I am presuming that by $\arctan x$ you just mean one branch of that function that whose range is $[\pi,\pi]$ (There are more branches obtained by adding $2\pi k$ to that branch). Obviously $x=0$ is a solution. As $x$ grows from $0$ it obeys $\arctan x > x$ for small positive $x$. (this can easily be deduced from $y > \tan y$ from elementary trigonometry by taking $x=\tan y$). So f(x)=$x^2-\arctan x$ is negative for small positive values less than 1 since $x^2<x<\arctan x$ But this branch of $\arctan x$ is bounded above by $\pi$ and $x^2$ is unbounded so eventually they have to meet at the only positive solution $x_1$ of $f(x)=0$. For $x>x_1$ obviously $x^2>\arctan x$ and $f(x)$ is positive. This the only solution since the derivative of $x^2$ is $2x$ and is growing with $x$ so the function $x^2$ will always stay on one side of its tangent line at $x_1$, whereas the derivative of $\arctan x$ is $1/(1+x^2)$ is decreasing with increasing $x$ and thus its tangents will always stay on one side of its tangent at the point of intersection. We need to show that $2x>1/(1+x^2)$ This can be done by considering the function $2x^3+2x-1>0$ that is monotonously increasing. It has a zero at $x_0=0.42385$ where $f(x)<0$ so $x_0<x_1$ and the 2 functions stay away from each other for $x>x_1$ Note that if we consider more branches $\arctan x$ there will be more positive solutions to the right of $x_1$

Answer 2

Let $f(x)=x^2-arctanx$. Determine $f'(x)$. Then you should see that the equation $f'(x)=0$ has two solutions. Hence, by the mean value theorem, the equation $f(x)=0$ has at most three solutions !

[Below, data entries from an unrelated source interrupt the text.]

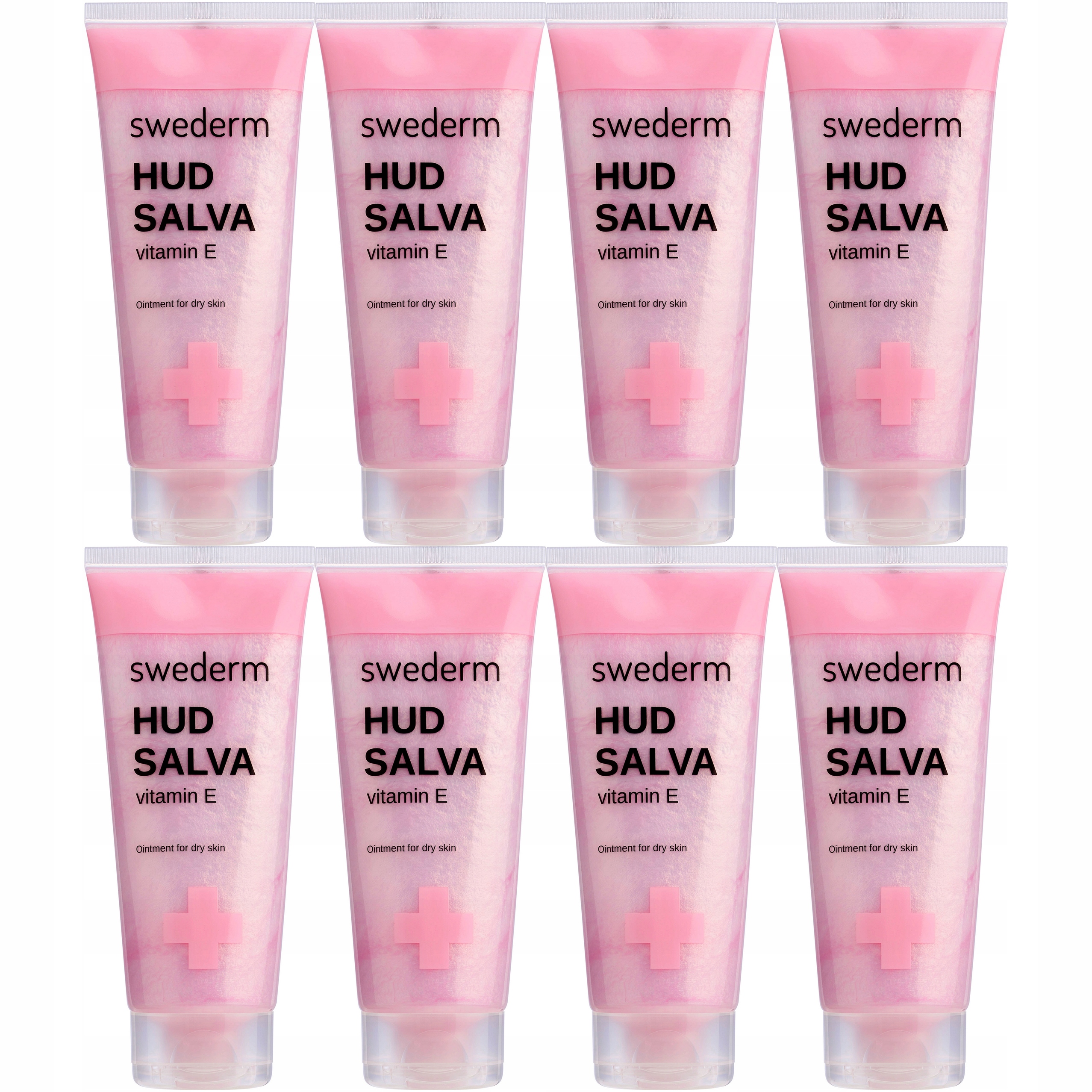SWEDERM Крем для рук Hudsalva vit E, увлажняющая мазь для сухой кожи 800мл (8 х 100мл). ХУДСАЛЬВА ВИТАМИН Е – мазь для сухой кожи. Исключительно эффективная регенерирующая и увлажняющая мазь, идеальная для ежедневного ухода за сухой, обезвоженной и склонной к раздражениям кожей. Его формула воздействует на самые требовательные части тела – руки, ноги, локти и губы – принося немедленное облегчение и длительный комфорт. Нежная парфюмерная композиция превращает ежедневный уход в исключительно приятный ритуал.
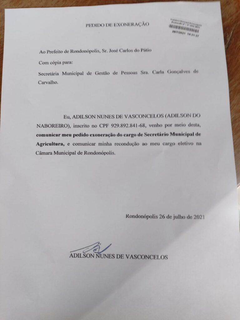 O secretário de Agricultura do município, Adilson Nunes de Vasconcelos, o Adilson do Naboreiro, protocolou no começo da tarde de hoje, o seu pedido de exoneração do comando da agricultura do município e, com isso, vai retornar à Câmara de Vereadores, na vaga do médico Manoel da Silva Neto (SD), que era seu suplente no Legislativo.
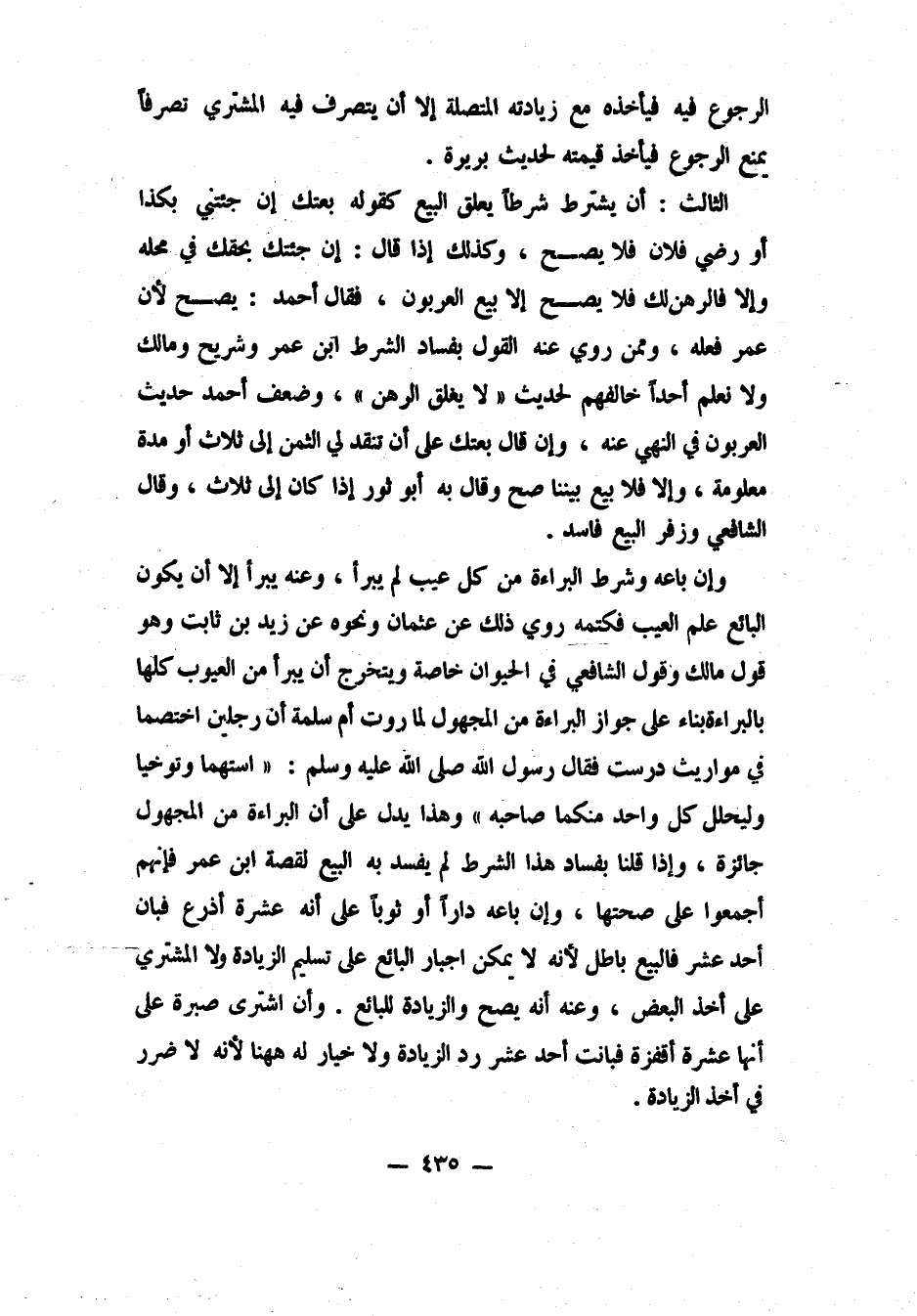 وإن باعه وشرط البراءة من كل عيب، لم يبرأ، وعنه: "يبرأ إلا أن يكون البائع علم العيب فكتمه"، روي ذلك عن عثمان، ونحوه عن زيد بن ثابت؛ وهو قول مالك، وقول الشافعي في الحيوان خاصة؛ ويتخرج أن يبرأ من العيوب كلها بالبراءة بناء على جواز البراءة من المجهول، لما روت أم سلمة: "أن رجلين اختصما في مواريث درست، فقال رسول الله صلى الله عليه وسلم: استهما وتوخّيا، وليحلّل كل واحد منكما صاحبه "، وهذا يدل على أن البراءة من المجهول جائزة. وإذا قلنا بفساد هذا الشرط، لم يفسد به البيع، لقصة ابن عمر فإنهم أجمعوا على صحتها. وإن باعه داراً أو ثوباً على أنه عشرة أذرع، فبان أحد عشر، فالبيع باطل، لأنه لا يمكن إجبار البائع على تسليم الزيادة، ولا المشتري على أخذ البعض. وعنه: أنه يصح، والزيادة للبائع. وإن اشترى صبرة على أنها عشرة أقفزة، فبانت أحد عشر، رد الزيادة، ولا خيار له ههنا، لأنه لا ضرر في أخذ الزيادة.
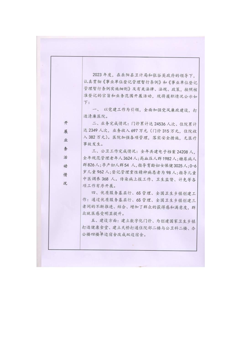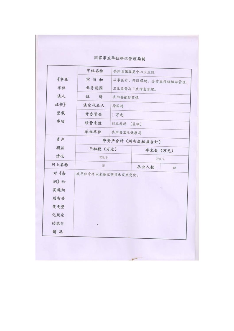 岳阳县卫生健康局张谷英镇卫生院年度报告书
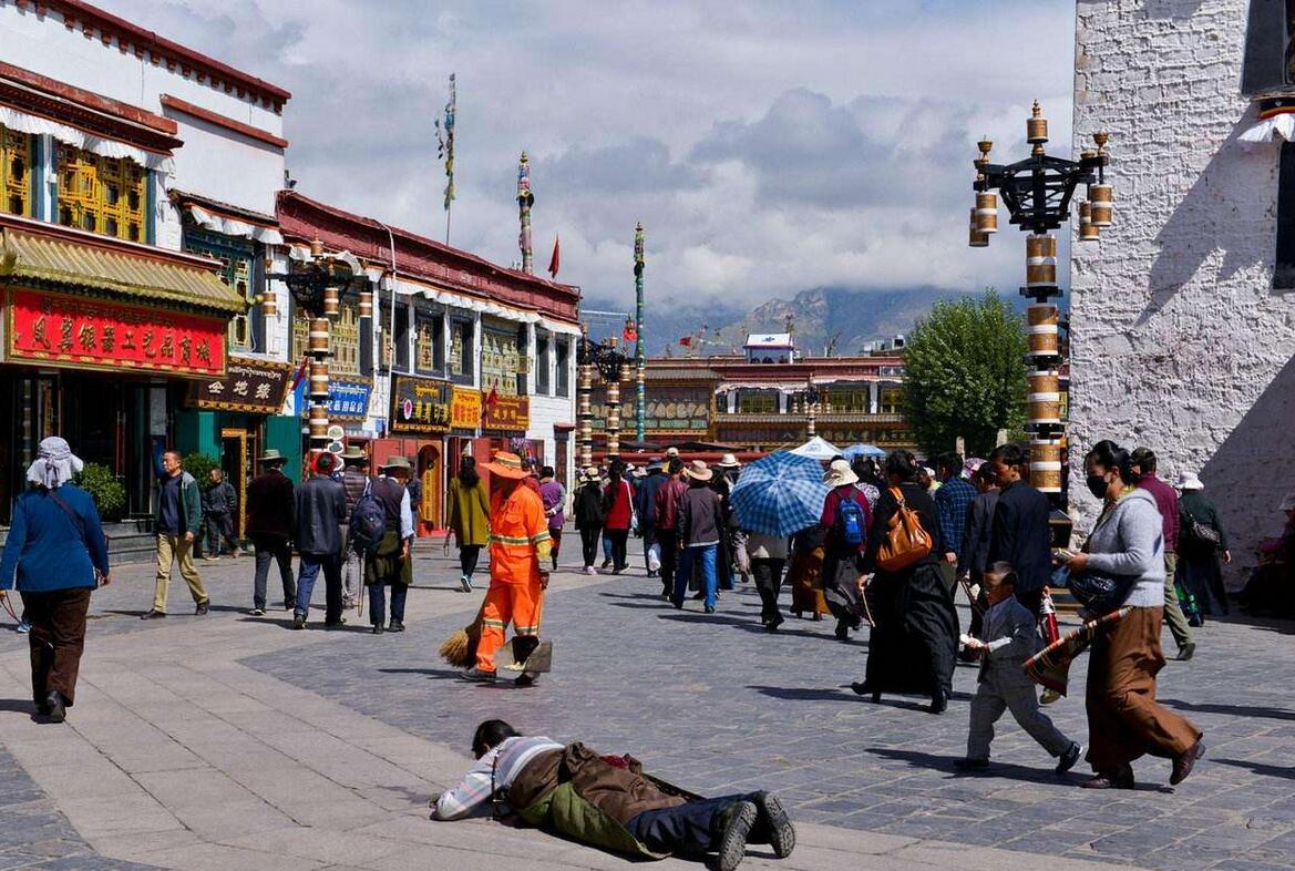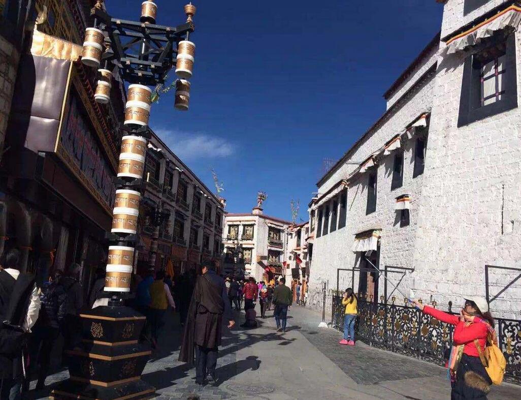 八廓街又称八角街。据说,是这里的四川人把"廓"念成"角"演绎而来。后来,有人望文生义,以讹传讹,以为八角街,是因为环形街道有八个角而得来。 八廓街是拉萨目前最繁华的商业街,也是中国十大历史文化名街之一。以大昭寺为核心的宗教场所是八廓街运转的轴心。八廓街,又称八角街,是一整片具有浓郁藏族生活气息的街区。街上商铺林立,包罗万象,宗教与市井气息交融,信徒与游客错杂。混乱,但生机勃勃。 行走在拉萨街头,能感受到有过诗人的存在,而不仅仅是高高在上的佛王。那应该是一个诗意的街道,应该有美丽传说的爱情。 说到八廓街,必要说转经。在拉萨,据说共有三条转经道,分别是三条环形路线。内环就在大昭寺里,称为朗阔,围绕释迦牟尼佛殿转经;中环即是八廓街,围绕整个大昭寺转经;外环的起点和终点都在布达拉宫背后的龙王潭,围绕整个拉萨城诵经。而这三条转经路,八廓街最为繁荣。 八廓街内,街道两旁店铺林立。在这里从事经营的,有本地人,但大多是外来者。其售品五花八门,但万变不离其“经”。开经铜佛、转经筒、酥油灯、经幡旗、经文、念珠、贡香、松柏枝等宗教用品,每店不离,并占在突出的位置上。西藏的土特产,成为对外地人的叫卖。此外,印度、尼泊尔、缅甸、克什米尔等地的商品,也纷纷在这里抢滩。 西藏,你有什么魔力,让那么多人匍匐在你的脚下,沉醉在你的梦里。而我只是千万人中的一个,渺小的几乎可以省略。 在藏民族的心目中,松赞干布和文成公主,是菩萨变成了国王和王后后,教化藏民族的救世主。因此,在大昭寺,有一个专设的松赞干布殿。人们从艺术的角度,对松赞干布与文成公主进行了再造。松赞干布面貌端庄,以一位正派人物的肖像赋予了他。而文成公主,则发髻高挽,是典型的大唐女子形像。从人们对雕像的刻画与塑造中,可以看出对松赞干布与文成公主的重敬。 每到一个地方,最好的体验就是深入当地的民俗风情。比起秀丽的景色,我更钟情于当地的风土人情,人们最真挚的热情、善良和淳朴引发的才是最美好的感动。 八廓北街,是围绕大昭寺专设的转经道。从而完整地再现了古城的风貌和居住方式。它以活的素材,为研究藏文化与中国历史,提供了一份宝贵的见证。 转经的信徒、旅游的人、休闲的人共同汇成顺时针方向的人流,身在其中热情澎湃。不时看到全身着地磕长头的信徒,其虔诚的态度,让你感动。西藏也是一个世俗的地方 ,八廓街紧挨着寺院,却坦然地洋溢着世俗的快乐,似乎每天都一样从未有过中断。转经的转经、游荡的游荡,买卖的买卖。磕长头的信徒饱受风霜的身体扑倒在大地的沉重声音令人怦然心动,却并不妨碍一队又一队花枝招展的旅行者嬉笑而过;尽管有雄伟壮丽的布达拉宫是如此显赫华丽,玛吉阿米那土黄的墙壁与床铺也一样值得怀念。 只要你到西藏,即使你没有任何购物的心理,当你游罢大昭寺之余,面对如此繁华的街市,走在摆满了玲珑满目工艺品的充满藏式气息的街道上,你无疑地会想到给万里之外的家人、朋友带上点什么,不论东西的价值几何,都会让你的家人或朋友感激不已的,因为你没有忘记他们! ; H- s9 k1 [' \
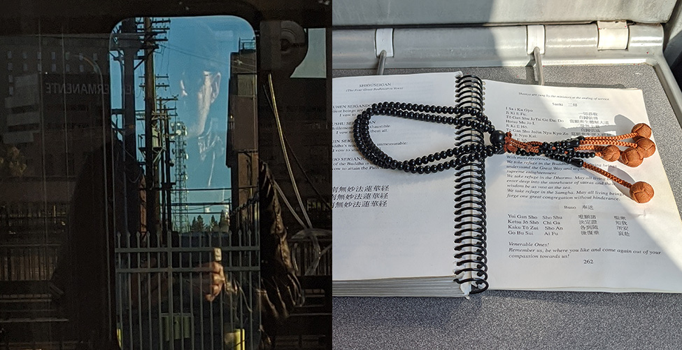 My reflection in the train door while waiting to board in Sacramento and my beads and sutra book after completing gonyo on the way to Hayward.
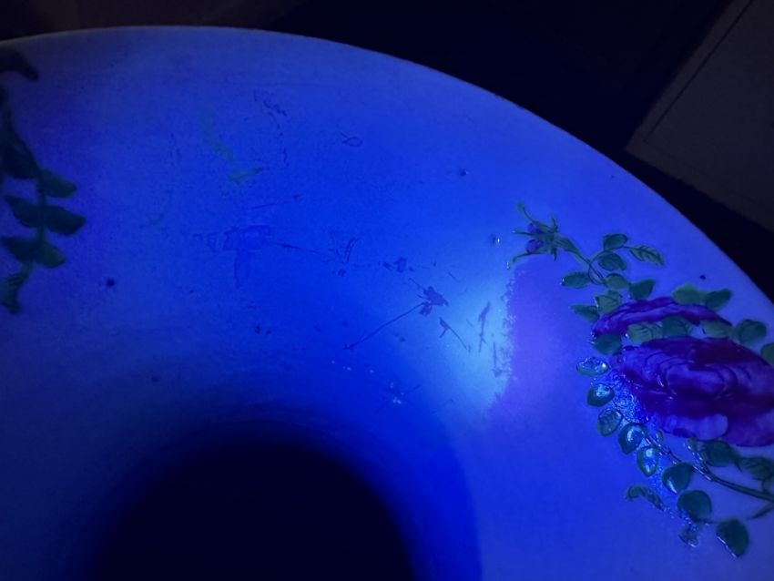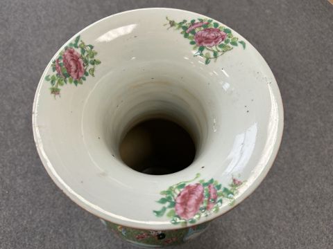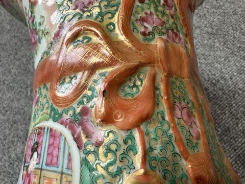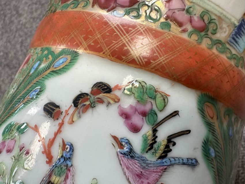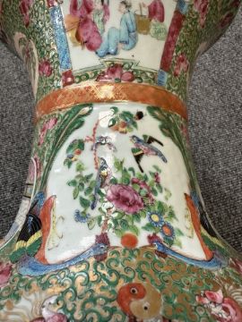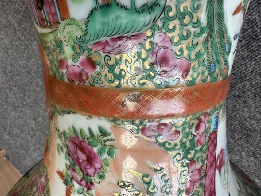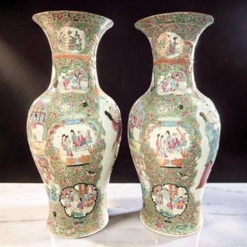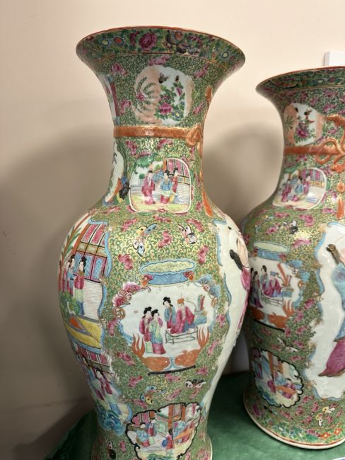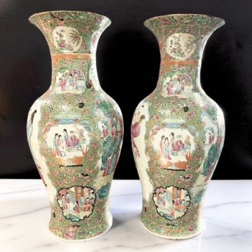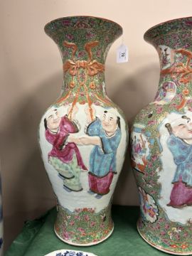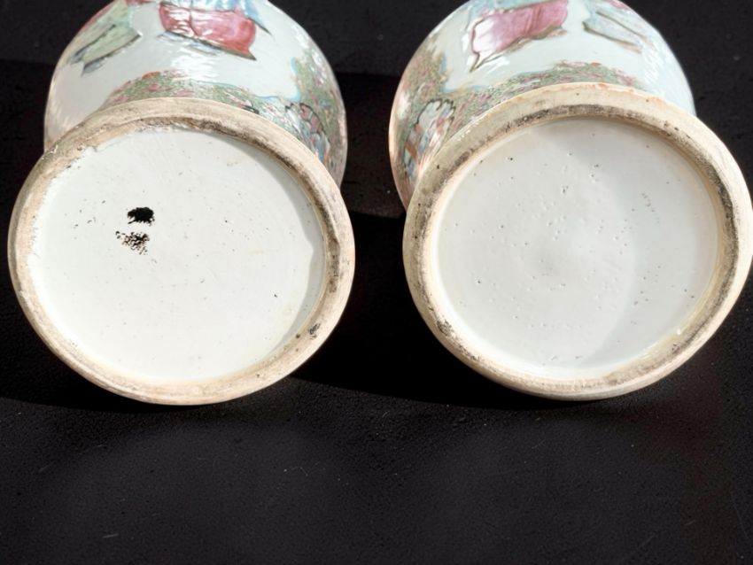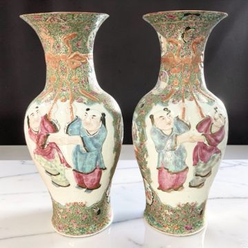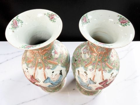 CONDITION REPORT UPDATED 02/04/2026 - Typical wear to the gilding and some areas of the enamelling. Short hairline crack visible on one vase running horizontally across the small sage green-coloured cloud-shaped panel above the figures. Another very faint hairline on the right shoulder of one of the boys. Small flaked chip to the red ribbon around the neck of one of the vases. The same ribbon has a small glazing bubble. A few minor flaked chips in various areas of the enamel. See numerous additional images. ADDITIONAL COMMENTS - One vase has a discrepancy in colour/glaze in two places around the inner rim. We have examined this under UV light (see final images) and we do not believe that the vase has been damaged. We believe another glazing coat has been applied to perhaps cover up scratches or deterioration of the glaze to the inner rim. We cannot see any evidence of cracks or breaks. There are some small spots of bright blue but these are glue residue from labels or tape and scratch off with a finger nail. There is no evidence of any repair or repainting on the exterior of the rim of the vase. We have tapped the rim of the vase all the way around and there is no discrepancy in sound produced by the porcelain.

Edit: this answer is not correct ! FRED

Answer 3

An idea: calculate the second derivative of $f(x)=x^2-\arctan(x)$ and show that is it positive. Then the first derivative is increasing. It is increasing from negative to positive values (check it), therefore the function itself is first decreasing (where $f'<0$) and then increasing (where $f'>0$). Thus, the equation $f(x)=a$ can have at most two solutions (at most one solution for each interval of monotonicity). One solution for $f(x)=0$ is $x=0$.

Answer 4

It is actually much easier to show it if we put the equation in the form: $$x=\tan x^2$$ Then for small positive $x$, such that $x<1$, $\tan x^2<x^2<x$ and the function $f(x)=\tan x^2-x$ is negative. But $f'(x)=2x/(1+x^2)-1$ is always positive show $f(x)$ is monotonously increasing function so at some point $x_1$, $f(x)=0$. For $x>x_1$ we only need to consider the fact teh derivative of $\tan x^2=1/(1+x^2)$ is larger than $1$ and thus the curve $y=\tan x^2$ and the line $y=x$ will not meet again.